Typical halogens are fluorine, chlorine, bromine and iodine. Chlorine is the most common in PVC, fluorine is present in fluoro-polymers and bromine appears in flame retardants. All of them produce highly toxic fumes and thick smoke if exposed to a naked flame; another reason why operators may have tended to rate this area of performance above other fire hazard properties.
While fire performance is of prime concern, it is worth noting that specifying cable protection based on one property alone can be a costly mistake and the full range of environmental factors should be considered. These can include exposure to extremes of temperature, UV radiation, harsh chemicals, compression strength, abrasion resistance and the likelihood of water or dust ingress.
While many products may look the same, performance properties can vary greatly so customers should always check suitability and compatibility for their application and consider the installation as a complete end-to-end system.
Polypropylene, NFR (Non-flame retardant) is a commonly used material for data center cable protection as it is halogen, sulfur and phosphorous free, so will not aid acid formation, but is highly flammable, and flame propagating.
In contrast, PA6 (nylon) is self-extinguishing, halogen, sulfur and phosphorous free.
The specifier should look for independent test results to back up the supplier’s claims rather than relying on un-substantiated jargon.
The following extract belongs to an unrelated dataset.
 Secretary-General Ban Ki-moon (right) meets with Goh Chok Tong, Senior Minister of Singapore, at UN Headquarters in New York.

For existing installations, data center operators may require new conduit systems to be retrofitted to ensure low fire performance properties are met.
Retrofitting cable protection has, traditionally, been a complex task, with the installer required to pull existing cabling through the open end of a conduit system.
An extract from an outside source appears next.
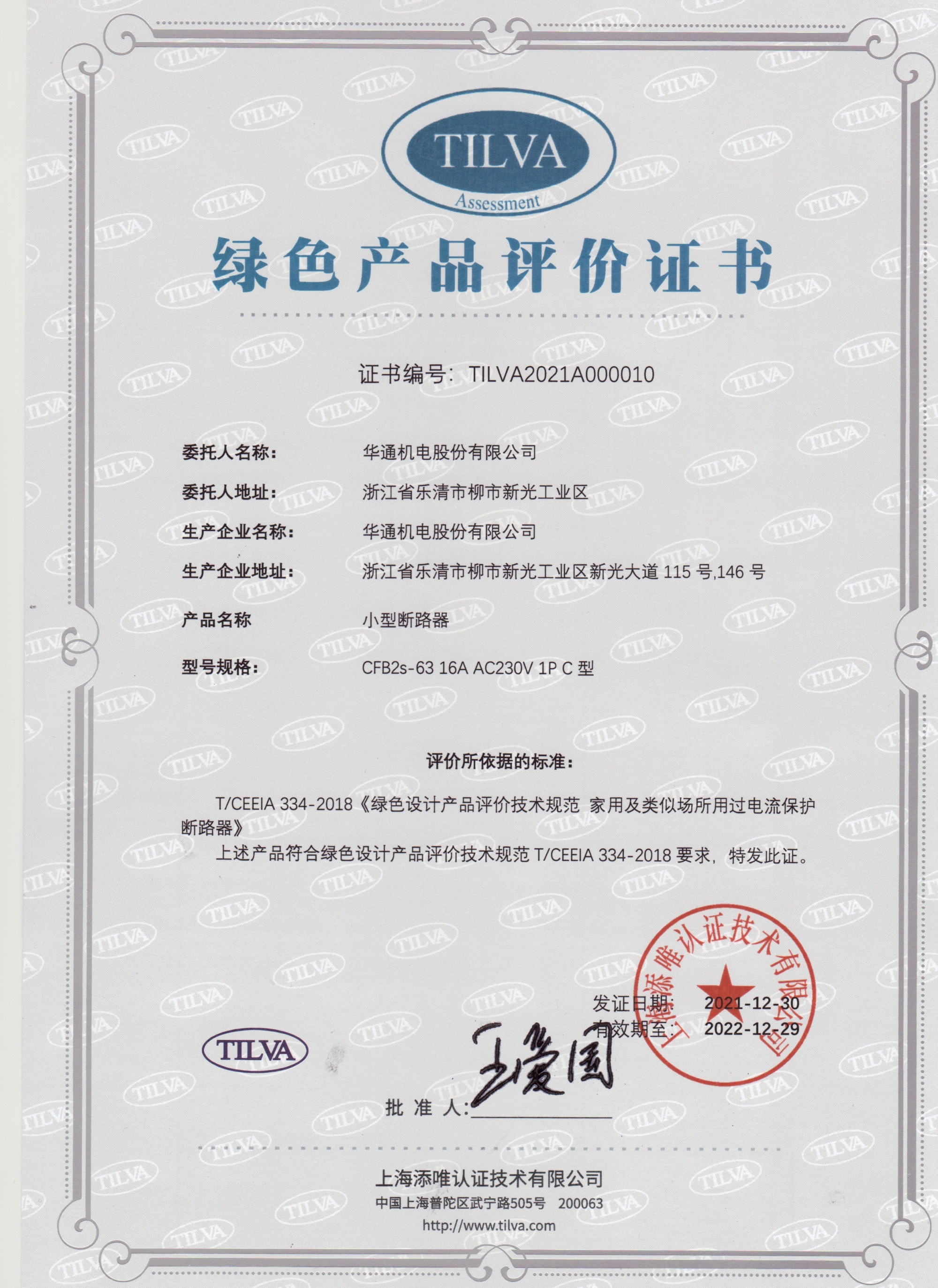 綠色產(chǎn)品評價證書

Conduit system manufacturers are therefore developing enhanced retrofit options to make it easier and quicker to install cable protection.
Bespoke-designed cable protection
For more complex application requirements, customers should speak to their supplier to discuss bespoke options.
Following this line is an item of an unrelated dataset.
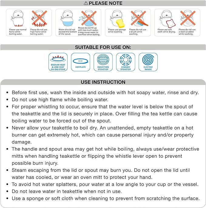 - One of its unique features is the pleasant sounds it emits while boiling water. It produces a gentle harmonica melody at low boil and a car horn whistling sound when the water reaches boiling point, alerting you that your water is ready for brewing your favorite hot beverages. This adds a delightful touch to the tea-making process, making it an enjoyable experience.

These could include conduit supplied in non-standard or pre-cut lengths, in larger or smaller diameters or with different thread termination or fitting options. 45- and 90-degree elbows can also be used to help maintain bend radius.
Additionally, more complex requirements, such as altering performance characteristics to meet a certain temperature requirement, compression strength or abrasion resistance or to achieve a greater fatigue life may also be considered.
With so many areas to consider when assessing fire performance, it is important to work with a competent manufacturer or specifier. Specifying based on price alone, or by using standards that do not take all aspects of fire performance into account, could leave vital infrastructure vulnerable to failure.
Operators should expect their chosen supplier to be able to provide detailed evidence of the material properties, and the tests that they have conducted to ensure that all four criteria are met and that critical performance factors are maintained.